A model formula specifying the time-to-event outcome on the LHS (typically Event(time, status) or survival::Surv(time, status)) and, optionally, a stratification variable on the RHS. Unlike cifplot(), this function does not accept a fitted survfit object.

data

A data frame containing variables in the formula.

weights

Optional name of the weight variable in data. Weights must be nonnegative.

n.risk.type

Character string; one of "weighted", "unweighted", or "ess". Controls which risk set size is returned in $n.risk without affecting estimates or SEs (default "weighted").

subset.condition

Optional character string giving a logical condition to subset data (default NULL).

na.action

A function specifying the action to take on missing values (default na.omit).

outcome.type

Character string specifying the type of time-to-event outcome.
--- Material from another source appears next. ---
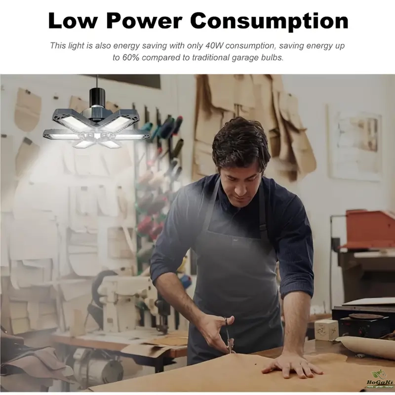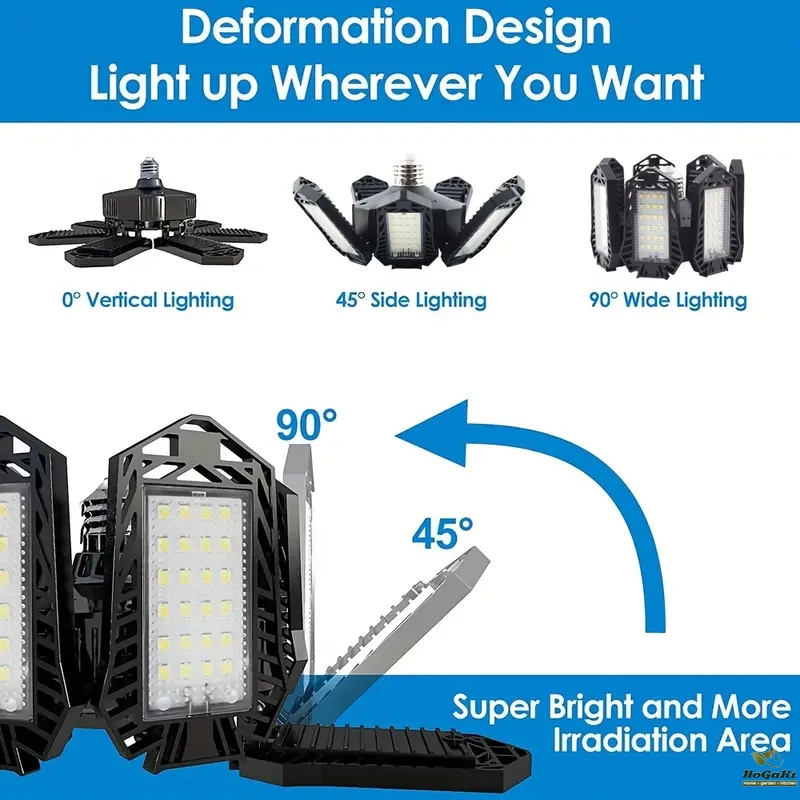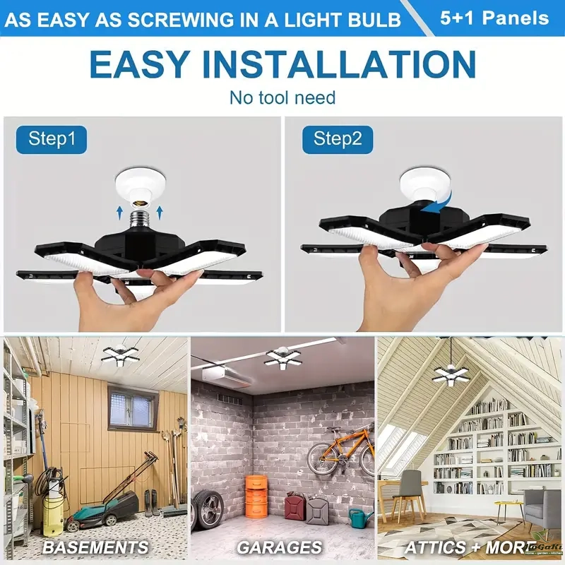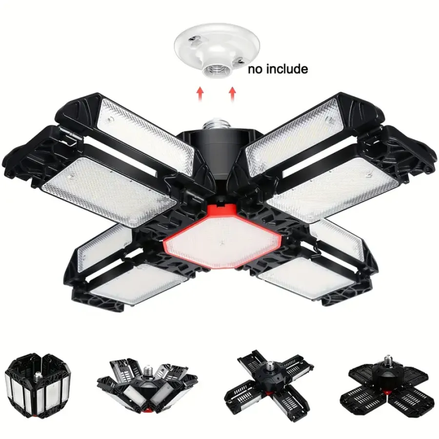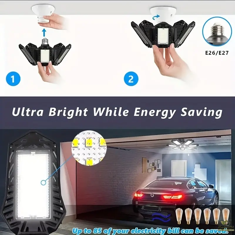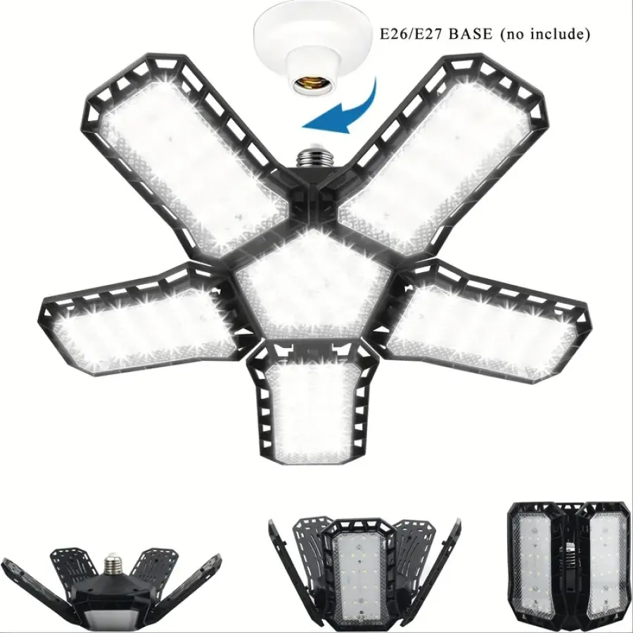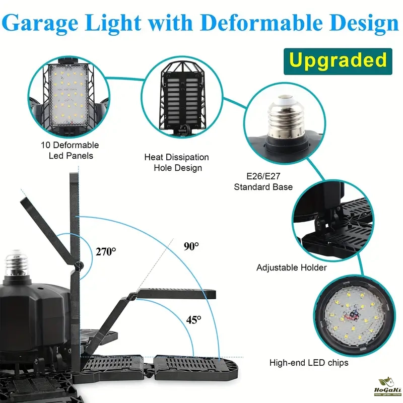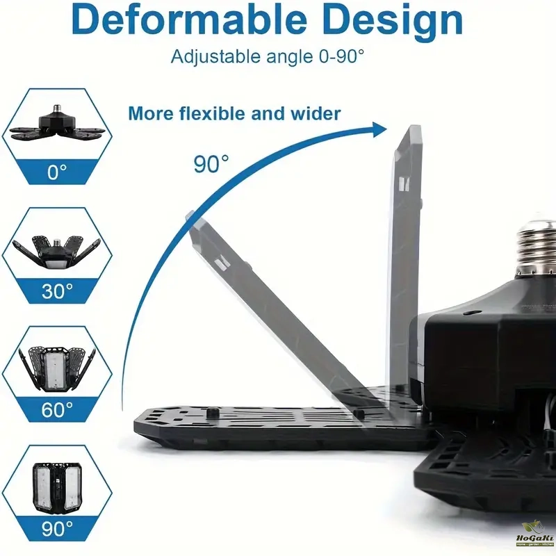【Garage Light Easy to install, No Wiring Required】The deformable led garage light is compatible with the E26/E27 light socket(Not Included), which makes its installation as simple as screwing a light bulb, no tools, no wiring and no professional electricians are needed.
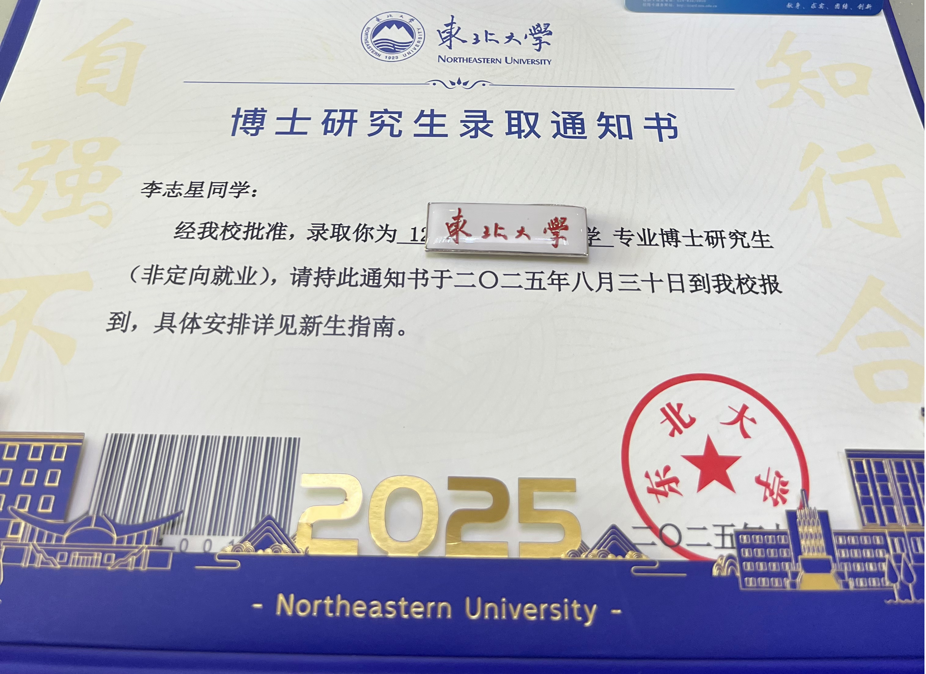 2025年7月17日,2026世界杯官网物流1702班毕业生李志星收到东北大学博士研究生录取通知书,以十二年持续奋进的求学经历,在高等教育的进阶之路上留下了坚实足迹。

One of "survival" (Kaplan-Meier) or "competing-risk" (Aalen-Johansen). If NULL (default), the function automatically infers the outcome type from the data: if the event variable has more than two unique levels, "competing-risk" is assumed; otherwise, "survival" is used. You can also use abbreviations such as "S" or "C". Mixed or ambiguous inputs (e.g., c("S", "C")) trigger automatic detection based on the event coding.

time.point

Optional single time point at which a one-sided normal approximation test is performed when null.hypothesis is specified.

null.hypothesis

Optional null value for the survival probability or cumulative incidence at time.point. For outcome.type = "survival", the one-sided alternative is that the observed survival probability is higher than the null value. For outcome.type = "competing-risk", the one-sided alternative is that the observed CIF for code.event1 is lower than the null value. A scalar value is recycled across strata. A named numeric vector can be used to specify stratum-specific null values.

code.event1

Integer code of the event of interest (default 1).

code.event2

Integer code of the competing risk (default 2).

code.censoring

Integer code of censoring (default 0).

error

Character string specifying the method for SEs and CIs used internally. For "survival" without weights, choose one of "greenwood" (default), "tsiatis", or "if". For "competing-risk" without weights, choose one of "delta" (default), "aalen", or "if". SEs and CIs based on influence functions ("if") is recommended for weighted analysis.

conf.type

Character specifying the method of transformation for CIs used internally (default arcsine-square root).

conf.int

Numeric two-sided level of CIs (default 0.95).

report.influence.function

Logical. When TRUE and engine = "calculateAJ_Rcpp", the influence function is also computed and returned (default FALSE).

report.survfit.std.err

Logical. If TRUE, report SE on the log-survival scale (survfit's convention). Otherwise SE is on the probability scale.

engine

Character. One of "auto", "calculateKM", or "calculateAJ_Rcpp" (default "calculateAJ_Rcpp").

prob.bound

Numeric lower bound used to internally truncate probabilities away from 0 and 1 (default 1e-7).

Value

A "survfit" object. For outcome.type="survival", $surv is the survival function. For outcome.type="competing-risk", $surv equals 1 - CIF for code.event1. SE and CIs are provided per error, conf.type and conf.int. This enables an independent use of standard methods for survfit such as:

  • summary(): time-by-time estimates with SEs and CIs

  • plot(): base R stepwise survival/CIF curves

  • mean(): restricted mean survival estimates with CIs

  • quantile(): quantile estimates with CIs

If null.hypothesis is specified, the returned object additionally contains a one.sided.p list with the one-sided normal approximation test results.

Note that $n.risk, $n.event, and $n.censor are rounded up to the nearest integer regardless of whether the data is weighted or not. Some methods (e.g. residuals.survfit) may not be supported.

Details

Typical use cases

  • When outcome.type = "survival", this is a thin wrapper around the KM estimator with the chosen variance / CI transformation.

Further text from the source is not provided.